Coverage amounts for each injury depend on the severity of the injury. Travel insurance available on Capital One Visa Signature cards pays out the full $250,000 for accidental loss of life, two or more body parts, and sight in both eyes, but only pays $125,000 for the loss of one body part, sight in one eye, and speech or hearing.

Your card’s guide to benefits has all the specific details about what is covered and coverage amounts. If you have any questions, call the benefits administrator listed in the benefits guide.

What Does Credit Card Travel Accident Insurance Not Cover?

In most cases, your travel accident insurance won’t cover injuries or death that happen during certain types of activities. 

Capital One Visa Signature cards don’t cover death or injury resulting from war, acts of terrorism, travel between your residence and work, and flights on planes owned by Capital One Financial. 

The Chase Sapphire Reserve doesn’t cover death or injury resulting from the commission of an illegal act, parachute jumping and vehicular races, sporting events in which there is a cash prize, and trips taken on aircraft that don’t have government registration or certification. 

Neither  Capital One nor Chase cover the cost of emotional trauma, mental illness, disease, pregnancy, childbirth, or miscarriage.

How To File a Travel Accident Claim

If you find yourself in an accident resulting in an injury severe enough to warrant using your travel accident insurance, then you’ll need to file a claim. The process for filing a claim varies by card. Chase and Capital one, for example, both require you to file a written claim within 20 days after your accident. 

Credit-card issuers typically use a third-party insurance company to handle travel accident claims. The company's contact information should be available in your card’s benefits guide.

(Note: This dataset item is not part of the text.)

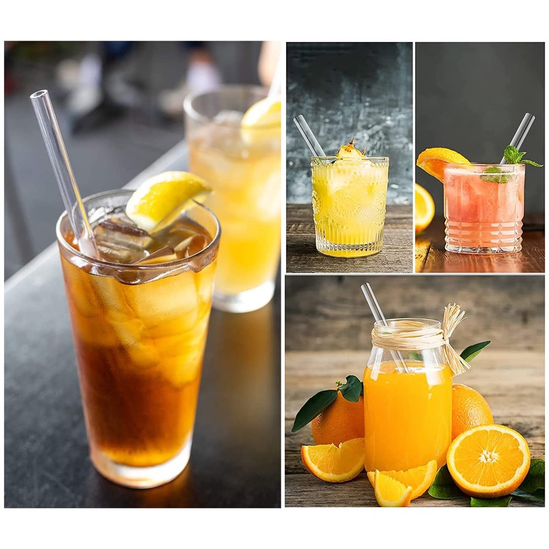 - The sturdy premium glass drinking straws – our product consists of 12 glass straws and 2 brushes. Our reusable glass straws contain 12 pieces 8.5 inch long straight straws. 2 pieces 21.5 cm cleaning brush can thoroughly clean the whole straw. Perfect for cocktails, lemonade, iced tea etc.

The benefits administrator or insurance company will send you forms within a defined period. You’ll need to return them soon thereafter to receive your payout, although you may get leeway if you aren’t able to respond quickly because of your injuries. Documents you may have to provide include: 

  • Completed and signed claim form
  • Travel itinerary
  • Police report confirming the claimed accident
  • The credit card account statement showing the charge for the common carrier or scheduled airline fare
  • Copy of the death certificate

Be sure to check with your card issuer for specific details about filing a travel accident claim. 

Finally, be aware that filing a claim for your travel accident insurance isn’t affected by any other health or travel insurance that you possess. You’ll receive your payout regardless of other coverages you have.

Do I Need Travel Accident Insurance on My Credit Card?

Since credit card travel accident insurance covers instances of severe injury or death, it may make sense for you if you’re a frequent traveler and would like a supplement to a life insurance policy. 

If that doesn’t sound like something that applies to you, you may want to look for a credit card that provides a different type of travel insurance. Cards like the Platinum Card from American Express offer benefits such as a global assistance hotline through which you can arrange for emergency medical evacuation at no cost to you. Additional types of insurance include trip delay or trip cancellation insurance, which can reimburse in the case of lost luggage, missed flight connections, or delayed flight departures.